Konkretne etapy ekstrakcji chlorofilu poprzez fragmentację komórek przy użyciu ultradźwiękowej kruszarki komórek

Kruszarka ultradźwiękowa wykorzystuje efekt dyspersji ultradźwięków w cieczy do wytworzenia kawitacji, rozbijając w ten sposób cząstki stałe lub tkanki komórkowe w cieczy.
Rozwój przemysłu biologicznego podniósł wymagania dotyczące eksperymentów z wykorzystaniem ultradźwiękowych rozdrabniaczy komorowych, takich jak pomiar i kontrola temperatury próbki, poprawa poziomu inteligencji próbek chłodzących w niskiej temperaturze i całej maszyny i tak dalej.
Konkretne etapy ekstrakcji chlorofilu poprzez ultradźwiękowe kruszenie komórek za pomocą ultradźwiękowej kruszarki komórek:
1. Odwiruj lub przefiltruj próbkę wody i zainstaluj membranę filtrującą z włókna octanowego na filtrze ssącym.
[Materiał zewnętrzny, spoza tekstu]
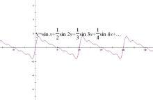 純音的函式模型是 y=Asin ω x. 我們聽到的聲音的函式是 y=sin x+1/2 *sin 2 x+1/3*sin 3 x+1/4*sin 4 x+…
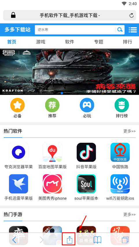 1、打开safari,然后打开一个网页,点击下方向上箭头按钮;
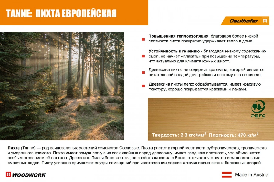 Пихта - относится к хвойным породам малой плотности, по прочности несколько уступает ели и сосне, Пихта имеет самую легкую из всех хвойных пород древесину, имеет среднюю плотность, что объясняется особым строением её волокон. Древесина Пихты бело-желтая, по свойствам схожа с Елью, отличается отсутствием нормальных смоляных ходов. Пихту успешно применяют внутри помещений при изготовлении дерево-алюминиевых окон и балконных дверей.
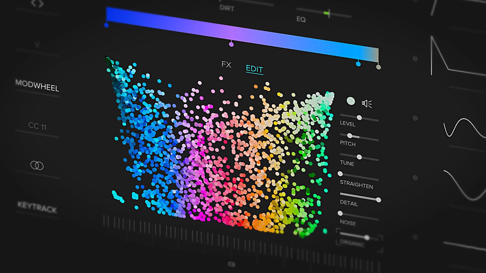 - ノイズ・パラメーターは、選択されたサウンド・カラーに特別にチューニングされた「音楽的なノイズ」を追加します。
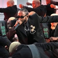 Kendrick Lamar pays homage to Dr. Dre during his halftime show performance at Super Bowl LVI.
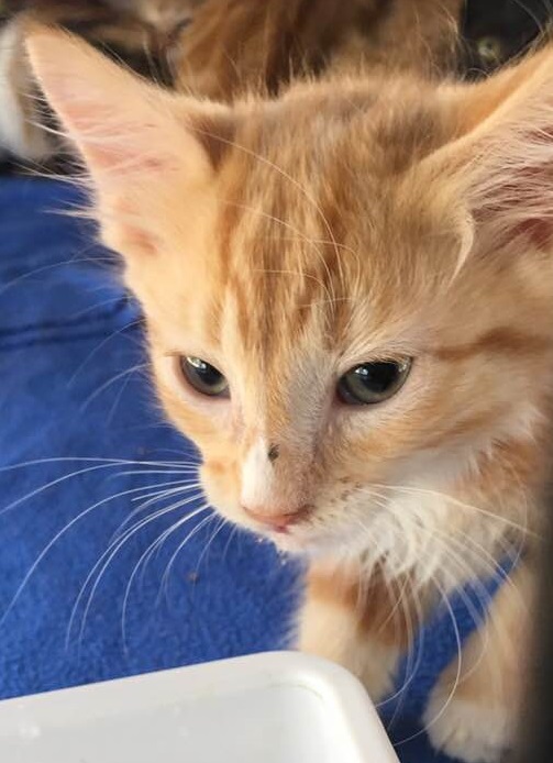 My siblings and I had a REALLY rough start and we were pretty sick when we were rescued but now we have had some medication and lots of TLC and we're doing great. I'm the smallest of my family but I have the BIGGEST personality! Once I know you I will purr and purr and purr, then march up and down making puddings in my blankets or on your lap or anywhere convenient.
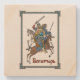 Representación de una batalla entre un bogatyr ruso y un guerrero asiático, ambos a caballo. También aparece un texto en cirílico (ruso) que dice "Б о г а ы р" (Bogatyr). Bogatyri son personajes heroicos encontrados en épicas eslavas medievales. Son similares a los caballeros andantes de la literatura occidental. La mayoría de las historias sobre bogatyri giran alrededor de la corte de Vladimir I de Kiev (958-1015). Se presume que algunos bogatyri son figuras históricas. Bogatyri protegía la tierra y el pueblo rusos contra los invasores, especialmente los tártaros. A algunos se les atribuían poderes y fortalezas que eran casi divinos. Esta imagen se adapta a un ilustracion de dibujo de línea blanca y negra en "П о в е с ь・ sni Bursa Burn Bursa Burn BurnBurn" (Un cuento de héroes brillantes BurnBurn BurnBurn Burn BurnBurnBurn" (Una historia de héroes brillantes". Ciudad Kiev y el gran azote de la tierra rusa) de Tamara Likhiotal; publicado en la URSS en 1974.
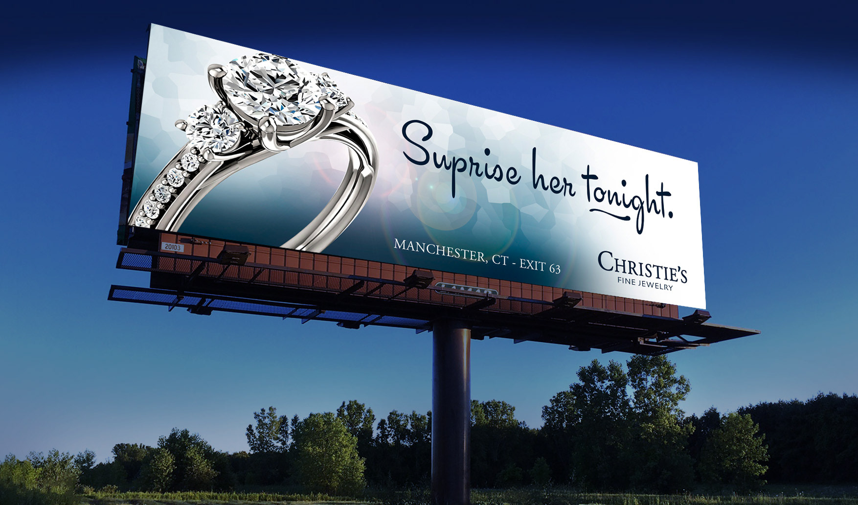 Christie's Jewelry needed a mock-up of a billboard advertisement. They supplied the copy, images and I needed to pull it all together. I used a background that complemented fine jewelry.
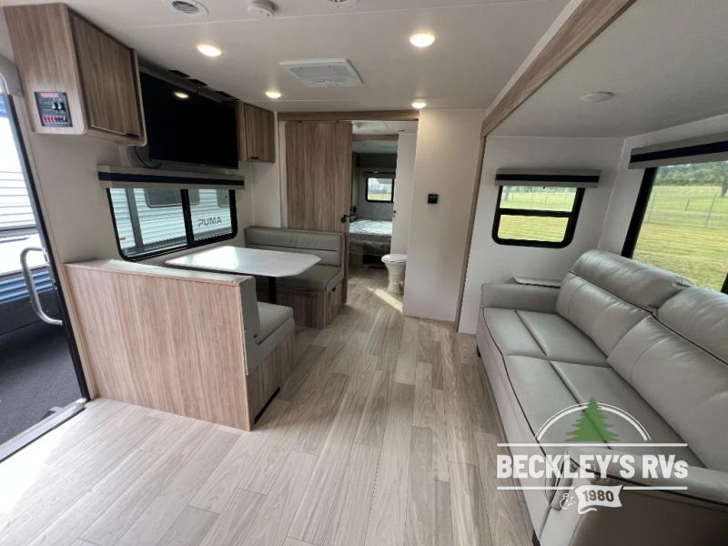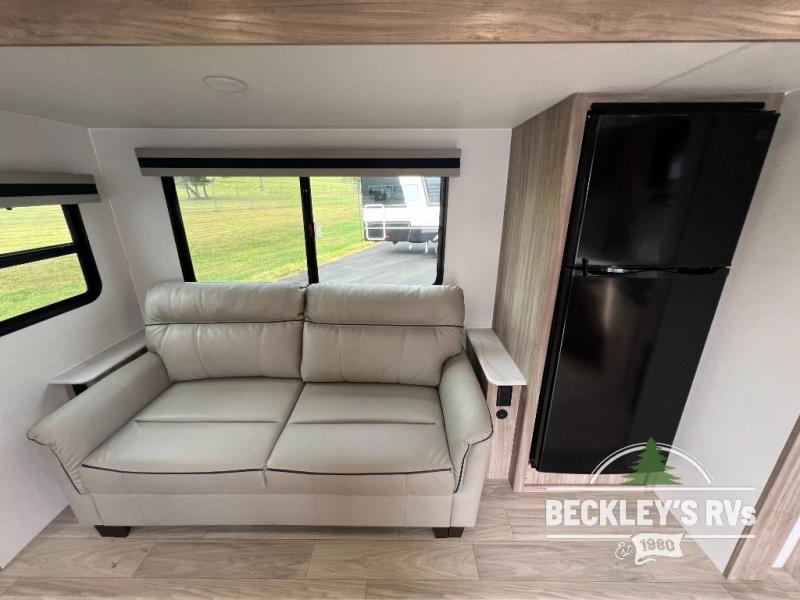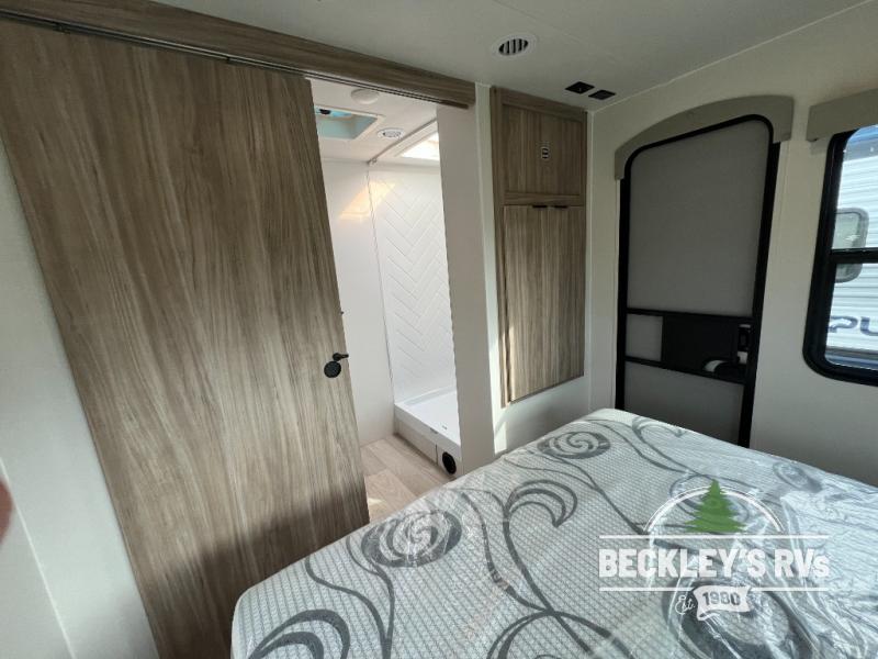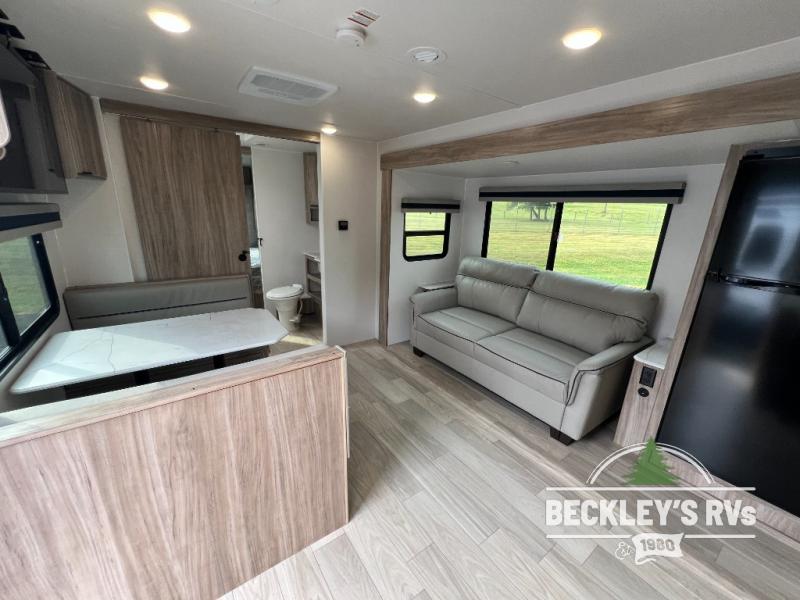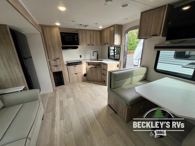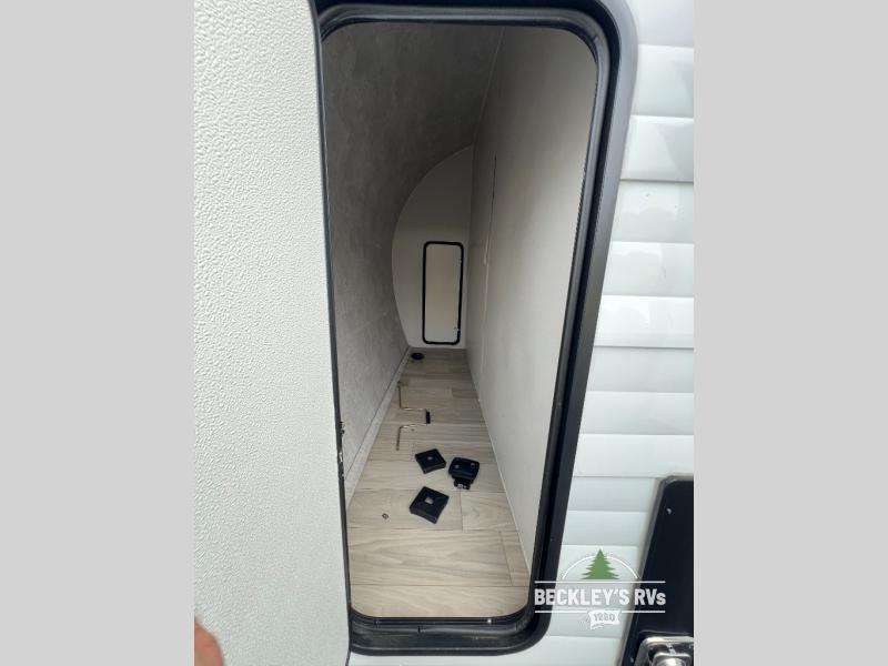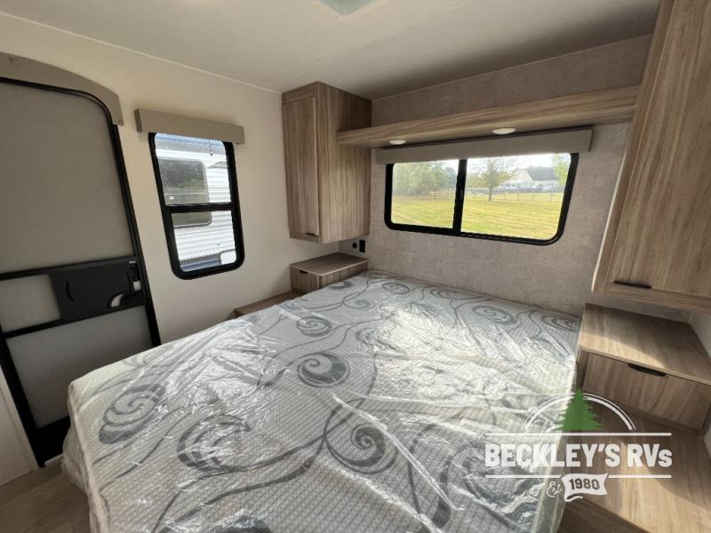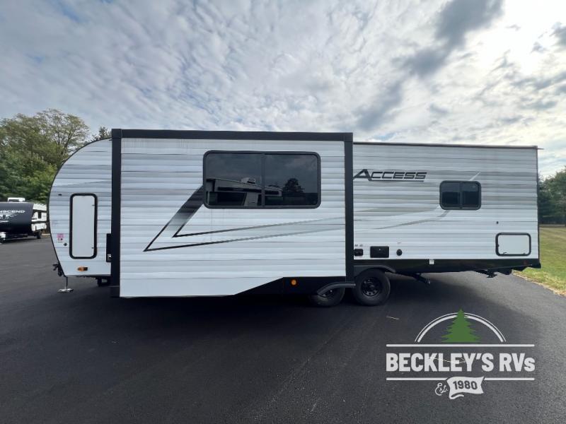 This single slide Access travel trailer features a front kitchen layout, a large roadside slide, and a private bedroom beyond a walk-through full bath. It also features both front and rear pass-through storage, as well as dual entry doors! You will find the main combined living area and kitchen open and spacious thanks to the slide. Cook your family their favorite meals with the appliances inside, dine at the 72" x 41" dinette where you can add an optional TV above to enjoy from the theater seating opposite. A convenient walk-through bath is spacious enough for two to get ready at once since it is the full width of the trailer. Next, head through space saving sliding doors to the rear private bedroom with its own access to the outside through the second entry. Here a queen bed awaits for a great nights rest. This bedroom offers plenty of storage in bedside wardrobes, a closet just off the foot of the bed, in under bed storage for extra blankets and larger items, plus so much more!

Wlać ilościową objętość próbki wody do filtracji, a podciśnienie podczas filtracji nie powinno być zbyt duże (około 50kPa). Po pobraniu próbki wody kontynuuj pobieranie przez 1-2 minut, aby zredukować wilgoć na membranie filtra. Jeśli wymagane jest krótkotrwałe przechowywanie przez 1-2 dni, można je przechowywać w zwykłej lodówce w celu zamrożenia. Jeśli wymagane jest długotrwałe przechowywanie (30 dni), należy je przechowywać w lodówce o niskiej temperaturze (-20 stopni).
2. Wyjmij membranę filtra zawierającą fitoplankton i wysusz ją w niskiej temperaturze w lodówce przez 6-8 godzin. Pokrój go nożyczkami na małe kawałki i umieść w probówce wirówkowej o pojemności 5 ml lub 10 ml. Dodać 3-4 ml 90% acetonu, aby zanurzyć fragmenty poniżej poziomu cieczy. Umieść fragmenty w pojemniku ultradźwiękowym i za pomocą fal ultradźwiękowych rozbij komórki próbki. (Porównanie eksperymentów w różnych momentach i częstotliwościach w celu ułatwienia identyfikacji * czasu i częstotliwości fragmentacji dla ujednoliconych metod).
3. Odwiruj próbkę poddaną fragmentacji komórek za pomocą ultradźwięków przy użyciu wirówki (3000-4000r/min) przez 10 minut. Wlać supernatant do kolby miarowej o pojemności 5 ml lub 10 ml. Rozcieńczyć do 5 ml lub 10 ml 90% acetonem i dobrze wstrząsnąć.
4. Umieścić supernatant na spektrofotometrze i za pomocą szalki kolorymetrycznej o średnicy 1 cm odczytać wartości absorbancji przy długości fali odpowiednio 750 nm, 663 nm, 645 nm i 630 nm. Do ślepego pomiaru absorbancji należy użyć 90% acetonu, aby skorygować absorbancję próbki.